- **Action item**: Retype, word for word, only the lines from the one containing "关于《鄂伦春娃娃赛鲜花》曲谱的评论" through the last line of the listing below. Pictures do not belong in the result.

- **Exercise inputs**:
+-------+

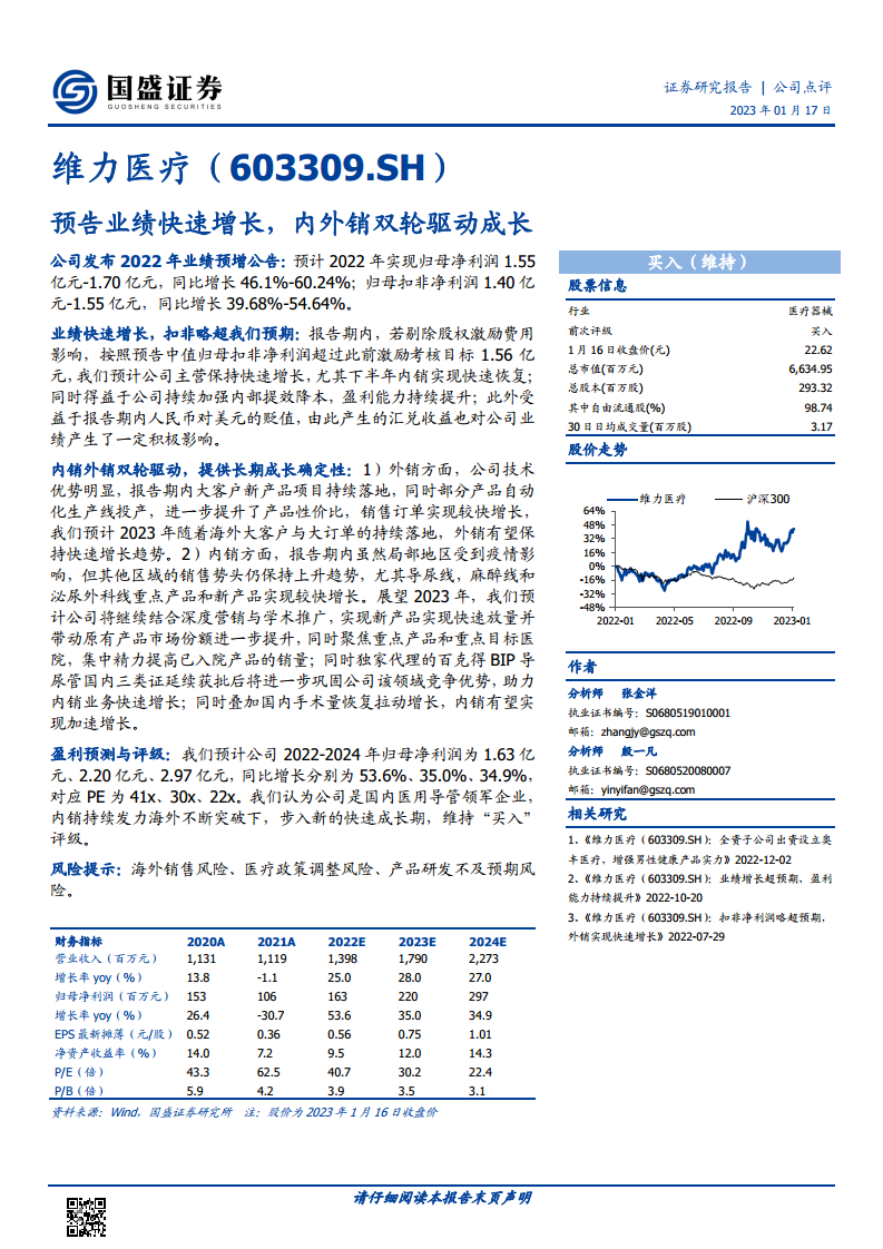 维力医疗在2022年实现了强劲的业绩增长,归母净利润和扣非净利润均大幅提升,且扣非净利润略超预期。这一增长主要得益于公司主营业务的快速扩张、内部提效降本以及汇兑收益的积极影响。公司通过内外销双轮驱动战略,在外销市场凭借技术优势和自动化生产线持续获得大客户订单,预计2023年将保持快速增长。内销市场则通过深度营销、学术推广、新产品放量以及重点产品和医院的聚焦,叠加国内手术量恢复,预计将实现加速增长。基于对公司未来盈利能力的积极预测,国盛证券维持“买入”评级,认为维力医疗已进入新的快速成长期,但投资者仍需关注海外销售、医疗政策和产品研发等潜在风险。
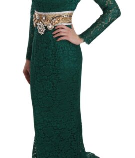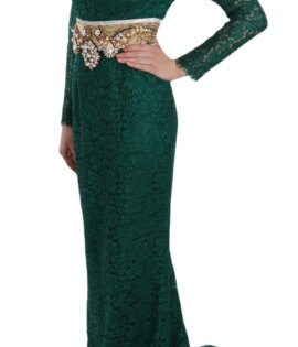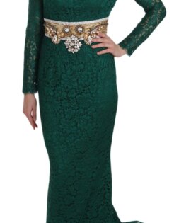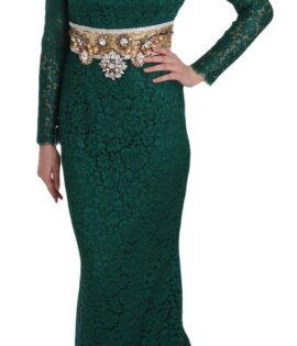 Dolce & Gabbana Crystal Gold Belt Lace Sheath Gown Dress
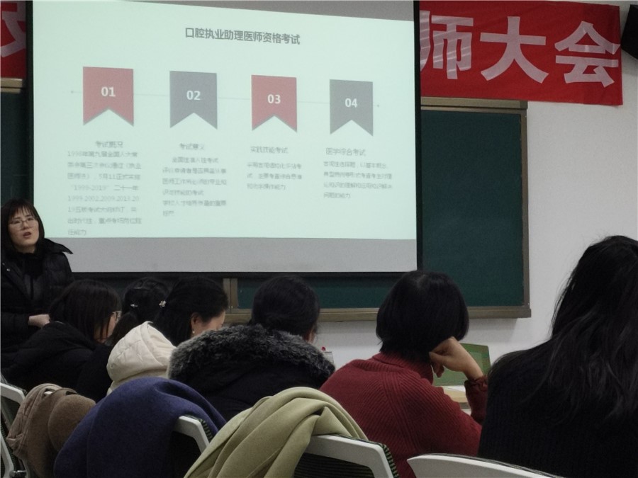研讨会内容有两项,第一项为口腔医学专业首届毕业生口腔执业助理医师考试总结交流。郭艳玲介绍了全国口腔执业助理医师考试概况,就365英国 2015级口腔医学专业首届毕业生口腔执业助理医师考试情况进行了汇报与分析,以此总结出下一步工作计划需加强学生专业思想,提高认识,刻苦学习,锤炼技能;围绕学生岗位胜任力展开专业教学工作,实施课证融通,积极建设优质课程;希望辅导员(班主任)做好班级文化建设,做好毕业生的就业考证跟踪服务。王琳老师解读口腔执业助理医师资格考试大纲的内涵和关键。最后,邀请考生代表晁倩文为全体在校口腔医学专业学生(含实习班)进行备考经验分享。
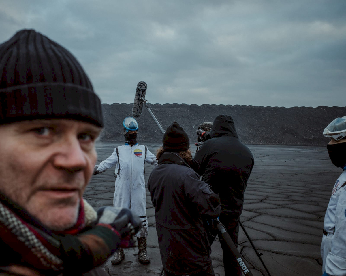 [Behind the scenes of a film set on a raw, volcanic landscape; a film crew is recording a person in a white suit and helmet, while in the foreground a man in a cap looks toward the camera.]
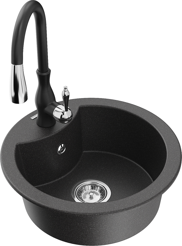 Mexen Diego 1miskový granitový drez s kuchynskou batériou Savita, škvrnitá čierna - 6512-76-672601-70
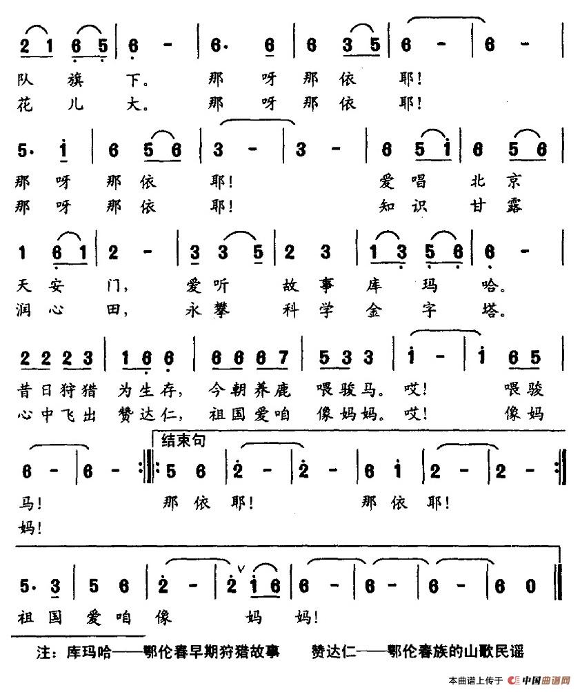 关于《鄂伦春娃娃赛鲜花》曲谱的评论
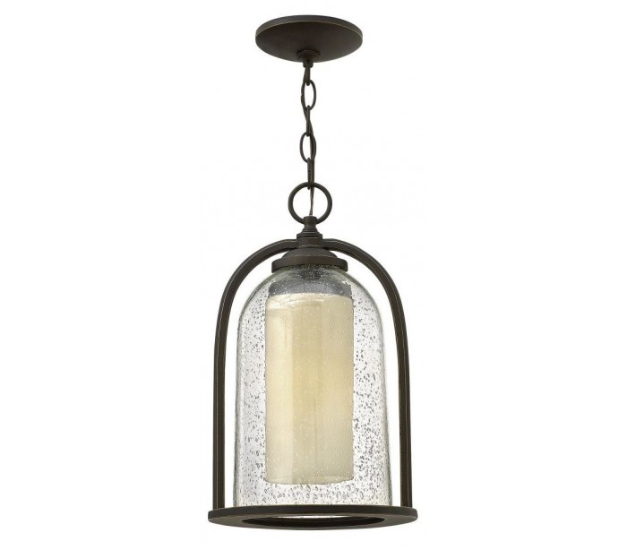 Quincy hængelanterne i et rustikt design fra amerikanske Hinkley. Lampen leveres til europæisk standard til 1 x E27 lyskilde og måler 23,5 cm i diameter.
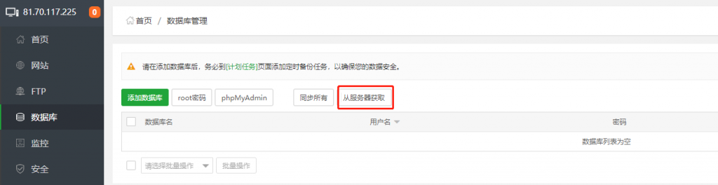 这里简单讲解一下,我们刚才传好了数据库文件,现在需要点击从服务器获取
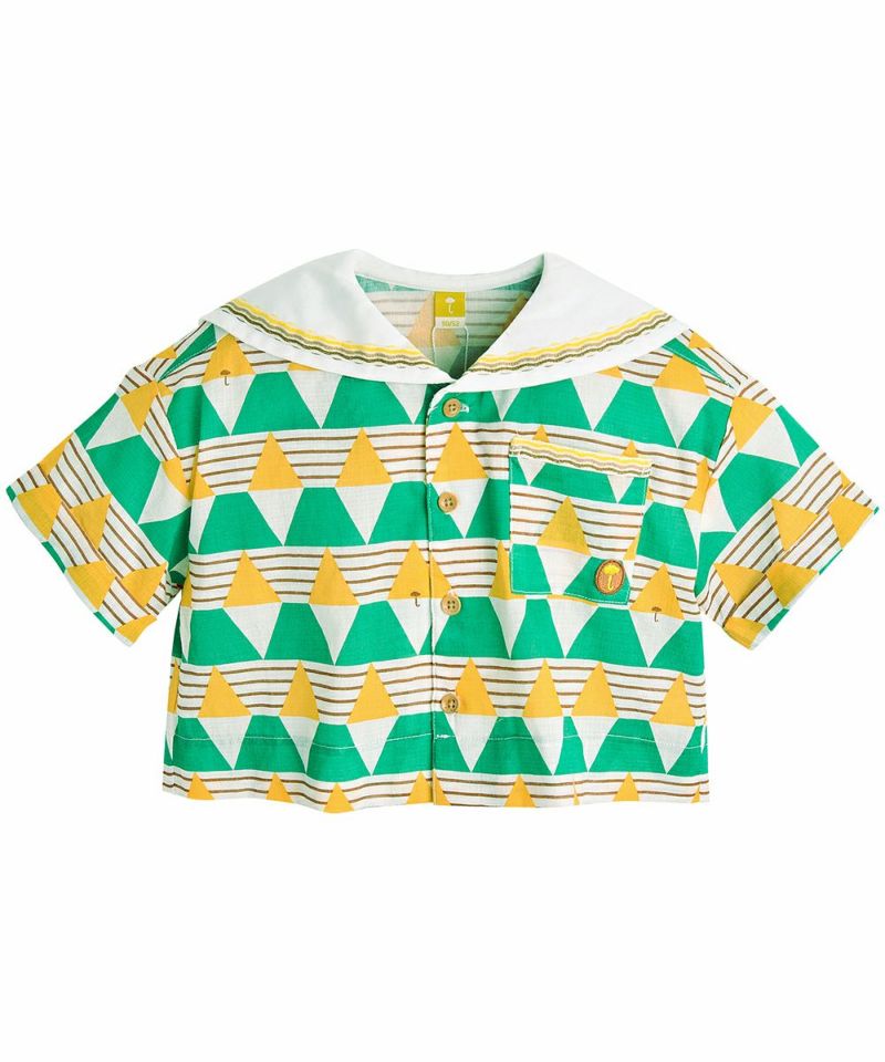 明るい色味のビッグセーラーカラーと短い丈ポイントの6分袖シャツ。(W242OPB63P)M242ROB17Pとシミラールックとしておすすめします。
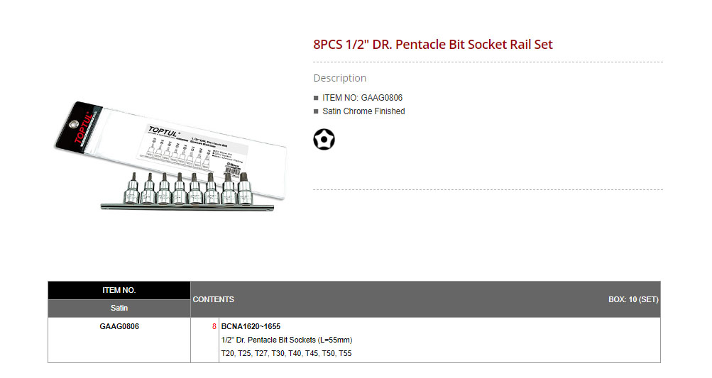 SIZE(T) 8PCS -1/2" DR. Pentacle Bit Socket Rail Set
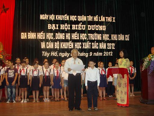 Đại hội đã tặng bằng khen và trao thưởng cho 25 em học sinh tài năng về văn hóa, văn nghệ, thể dục thể thao, cờ vua; 4 Hội Khuyến học, 31 chi hội và 48 cá nhân xuất sắc trong phong trào khuyến học, khuyến tài, xây dựng xã hội học tập quận Tây Hồ. Đại hội thống nhất đề cử 8 đại biểu đi dự Đại hội Thành phố tổ chức vào tháng 12/2012..

+-------+

- **Task solution**:
 关于《鄂伦春娃娃赛鲜花》曲谱的评论
 Quincy hængelanterne i et rustikt design fra amerikanske Hinkley. Lampen leveres til europæisk standard til 1 x E27 lyskilde og måler 23,5 cm i diameter.
 这里简单讲解一下,我们刚才传好了数据库文件,现在需要点击从服务器获取
 明るい色味のビッグセーラーカラーと短い丈ポイントの6分袖シャツ。(W242OPB63P)M242ROB17Pとシミラールックとしておすすめします。
 SIZE(T) 8PCS -1/2" DR. Pentacle Bit Socket Rail Set
 Đại hội đã tặng bằng khen và trao thưởng cho 25 em học sinh tài năng về văn hóa, văn nghệ, thể dục thể thao, cờ vua; 4 Hội Khuyến học, 31 chi hội và 48 cá nhân xuất sắc trong phong trào khuyến học, khuyến tài, xây dựng xã hội học tập quận Tây Hồ. Đại hội thống nhất đề cử 8 đại biểu đi dự Đại hội Thành phố tổ chức vào tháng 12/2012..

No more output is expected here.